Travis also suggests that the association might be explained by potential HPV-DNA-detection bias introduced by circumcision. Although it is plausible that circumcision compromises cellular yield, the quality and sensitivity of our polymerase chain reaction overcome this potential limitation. We used amplification of a fragment of the -globin gene as an internal quality control for each specimen, thus ensuring both the high quality of the DNA and the presence of cells. Samples from which the -globin and HPV L1 genes could not be amplified were excluded from the analyses, and no differences were found between the subjects with such samples and those with valid samples.

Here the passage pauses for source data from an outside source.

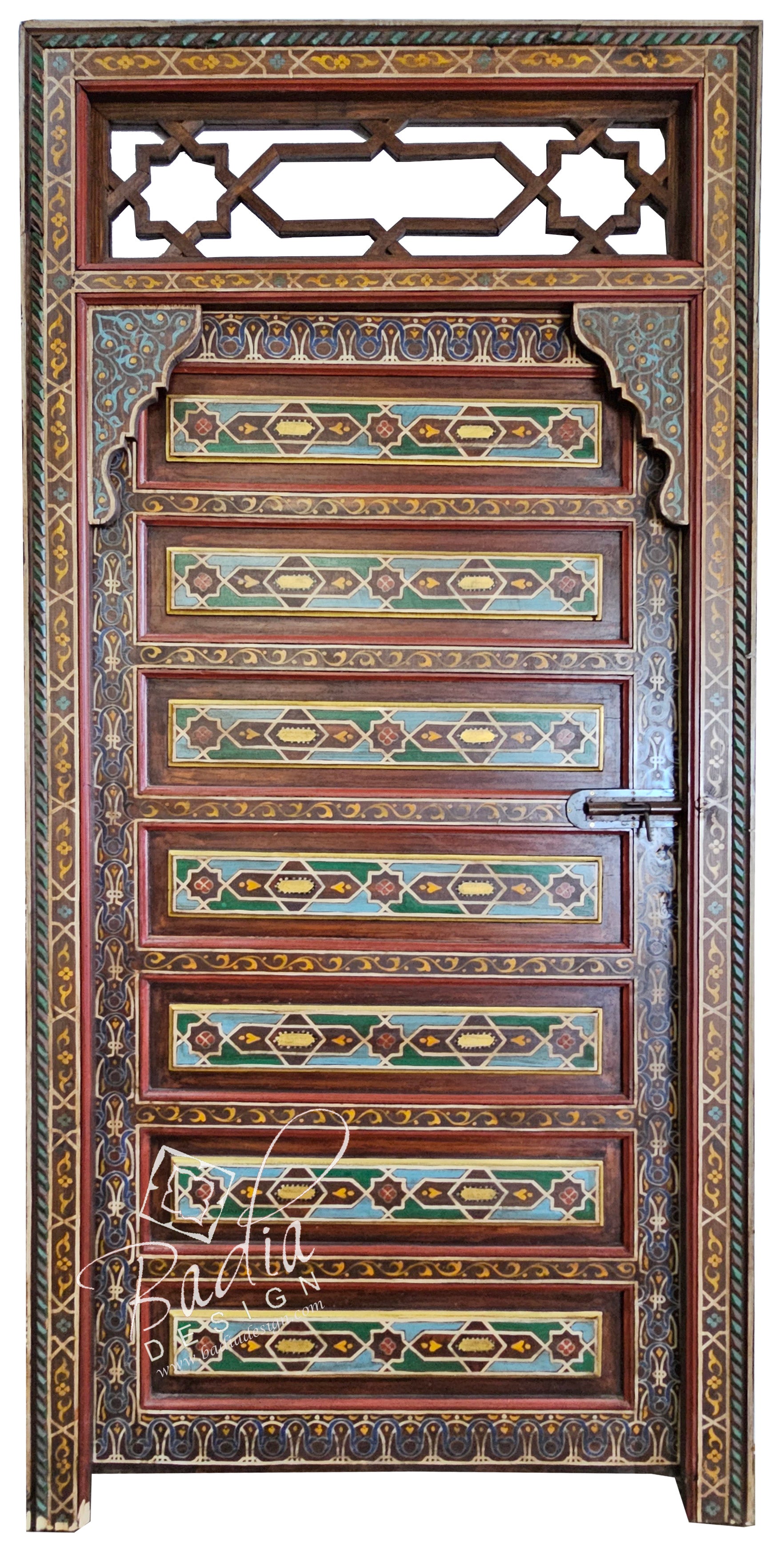 Moroccan Red Multi-Color Hand Painted Wooden DoorSize: 47 3/4" W x 3" D x 92" HStyle #: HPD043Due to the size and weight of this door, please contact us for a shipping quote before purchase.Badia Design Inc.Tel: 818-762-0130Email: info@badiadesign.comNote: Extra shipping costs may apply to this item due to its weight, size and your location. It may have to be shipped through a freight company and charges vary from state to state. You will be notified by email of any additional shipping charges once the item is packaged and ready for shipment. We always look for the most competitive shipping company to minimize shipping costs to our customers.
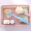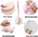 Bathing Back Scrubber Exfoliator with 2 in 1 Bristles and Loofah Body Brush Back Scrubber with Long Handle | for Men and Women | Multicolor 2 In 1 bath brush with long handle shower back scrubber & body brush sponge loofah-perfect bath tool to give you a comfortable shower experience. 2 IN 1 DESIGN Double sided Loofah + bristles shower brush is used in a dry or wet cleaning. Provide your tender skin with added care and superior cleaning experience, Soft, making your body healthier, silky and smooth. You can choose any side according to your needs The extended handle design is great for cleaning hard to reach areas with body wash or scrubs, from face to back to shoulders to arm to leg to feet. Better than just thin wire handle. 100% BODY SAFE body scrub brush's head is made of 100% natural Comfort nylon bristles and soft bristles, healthy and comfortable. Long-handled is made of plastic 100% BPA-free, kind to sensitive skin Durable ergonomic design shower body brush, Fully washable - Simply rinse after use and hang up to dry, It’s a great gift for family or friends. There is a hemp rope on the Loofah, Easy to store on a shower caddy or hang on a hook ,coordinates with most bathrooms Ideal for shower bathing or dry skin brush, Also good for dry skin brushing, exfoliation, back scrubbing and cellulite massaging. Promote lymphatic and blood circulation perfect for Men or Women, even children.
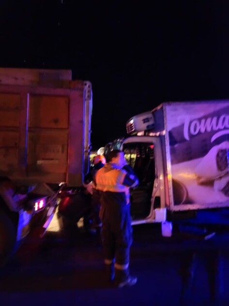 El siniestro ocurrió en el km 146 de la ruta nacional 9 carril Roasrio – Buenos Aires, alrededor de las 21 hs, según se pudo constatar dos camiones colisionaron por alcance, en uno de ellos circulaban dos personas, una de ellas quedo atrapada.
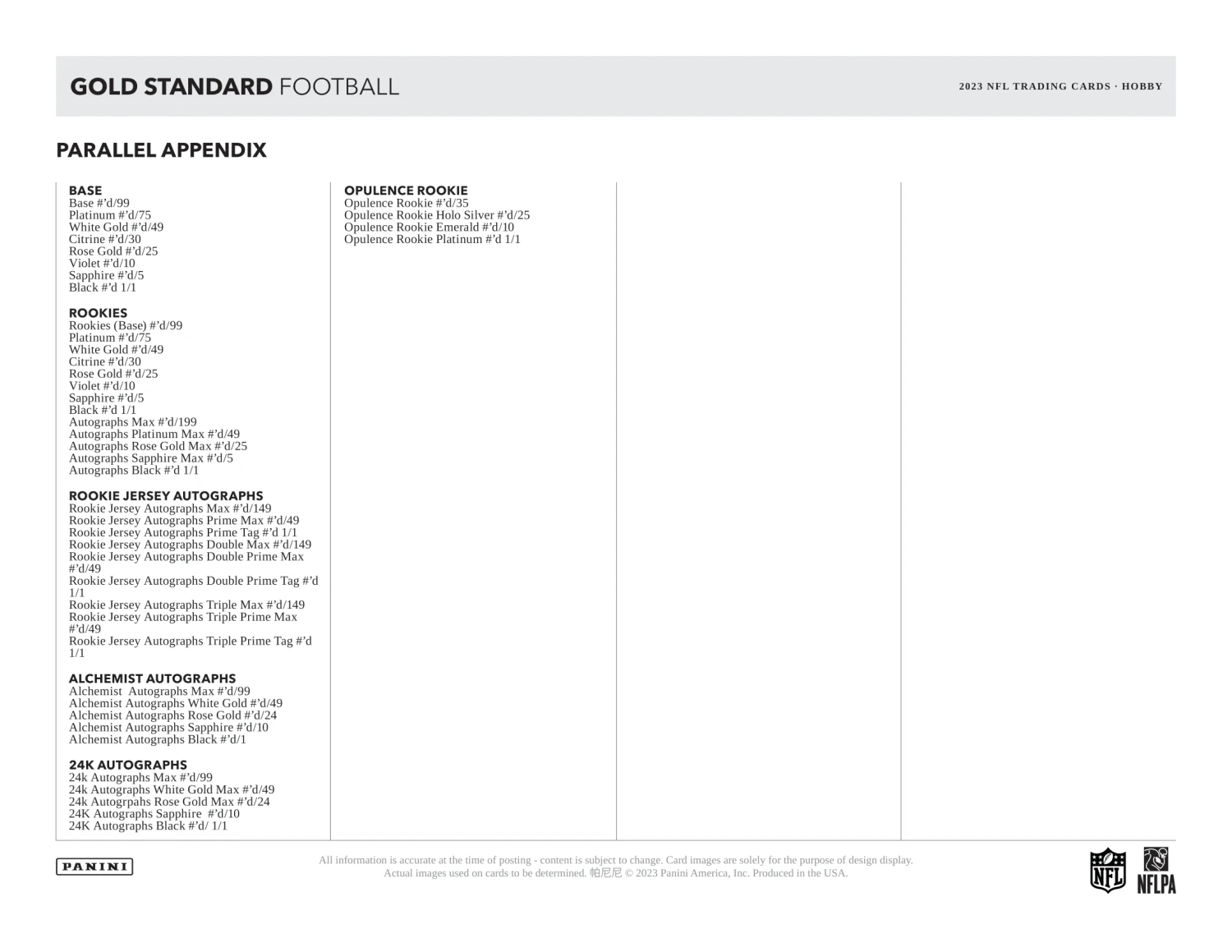 - Returning in 2023, look for low-numbered rookie cards that feature the stunning Opulence design from the top rookies of the 2023 NFL Draft Class!
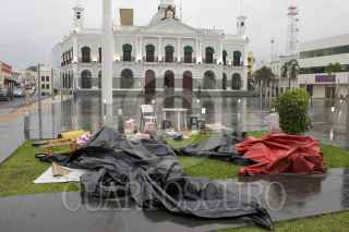 VILLAHERMOSA, TABASCO, 29ENERO2014.- Un grupo de manifestantes, entre ellos una mujer que se había encadenado en los herrajes del acceso al Palacio de Gobierno, fueron desalojados esta madrugada por elementos de las fuerzas especiales de Seguridad Pública. Julio César Álvarez, presidente de la asociación México Despierta, informó que fueron agredidos físicamente por las autoridades, quienes acudieron al lugar encapuchados. FOTO: MARCO POLO GUZMÁN HERNÁNDEZ /CUARTOSCURO.COM
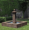 We suggest that birdbath/fountain tops not be left outside in the winter. Once the top fills with water/snow and freezes, the top may crack. All birdbath/fountain bases, bench legs and statuary should be raised up off the ground in winter so they will not freeze to the ground surface. Ideally, a fountain should be stored indoors in the winter away from the elements. However, if a fountain bowl must be left outside, remove all pumps, rubber stoppers, drain pipes, finials and small components, and cover the top with burlap or any absorbent material (old blanket/towel) and then wrapped with dark plastic, making sure that water does not accumulate in the basin and freeze. Fountain pumps, finials, and other small components should be stored indoors. Check the fountain periodically to insure that the cover is secure and water is not accumulating in any fountain component.
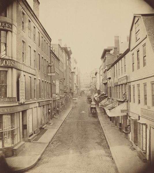 Curator: Here we have "Gezicht op de Breestraat te Leiden," a photograph attributed to Jan Goedeljee, placing its creation somewhere between 1850 and 1900. Editor: It's amazing, really, how this snapshot captures a sense of bustling ordinariness, even through the sepia tones and the slightly grainy texture. It looks like the city hasn’t changed much! Curator: Indeed, and while its aesthetic leans towards realism, it's also important to view such street scenes as documents of urban development. Goedeljee’s Leiden reflects an era grappling with industrial progress, visible through the blend of horse-drawn carriages and hints of commerce embedded in its architecture. Editor: I’m particularly struck by the depth of perspective, it really focuses your eye. It begs the question, who occupied those buildings? Were there systems of power and class at play, and how were the working classes implicated within urban dynamics? I can imagine them working there. Curator: Absolutely. Photography in the 19th century began to democratize portraiture, offering access beyond the elite. However, its role within imperialistic practices, constructing otherness, cannot be ignored. Do these portrayals further marginalization or foster understanding? The image feels quiet, but there's a whole system moving here. Editor: It's about holding space for those critical dialogues. A cityscape might seem neutral, but photography inherently makes a statement, a record, even a commentary on society. Look at that busyness, there were already hierarchies shaping urban experience. I’m glad the author preserved it. Curator: Well said. It reminds us to engage with these images not just aesthetically but also ethically, considering their roles in shaping public memory. Editor: Absolutely, it urges us to keep pushing these narratives further. There’s always space to do better when it comes to who’s shaping the historical account and whose vision truly guides the narrative.

Finally, we admit that the lack of correlation of HPV genotypes between the two partners [1] is puzzling, but it should not call into question our findings regarding circumcision, since the study involving couples provided information only on the HPV status of each partner at the time of the sampling.

We thank Bhimji and Harrison for reminding us that circumcision may have other consequences, since the procedure removes an important erogenous zone; this and other "noninfectious" considerations should also be taken into account before any recommendations are made. Since we received numerous letters (and even a targeted, data-damaging cyberattack) from pro- and anti-circumcision groups, we would like to emphasize that our study was not intended to provide global evidence against or in favor of recommending circumcision. Nevertheless, we still think that there is a need for a comprehensive multidisciplinary review that considers all aspects of male circumcision and identifies which kinds of studies are still required in order to elaborate evidence-based recommendations regarding this controversial issue.

Xavier Castellsagué, M.D.
F. Xavier Bosch, M.D.
Institut Català d'Oncologia
08907 Barcelona, Spain
xcastellsague@ico.scs.es

Nubla Muñoz, M.D.
International Agency for Research on Cancer
69372 Lyons CEDEX 8, France

References

  1. Franceschi S, Castellsagué X, Dal Maso L, et al. Prevalence and determinants of human papillomavirus genital infection in men. Br J Cancer 2002;86:705-711.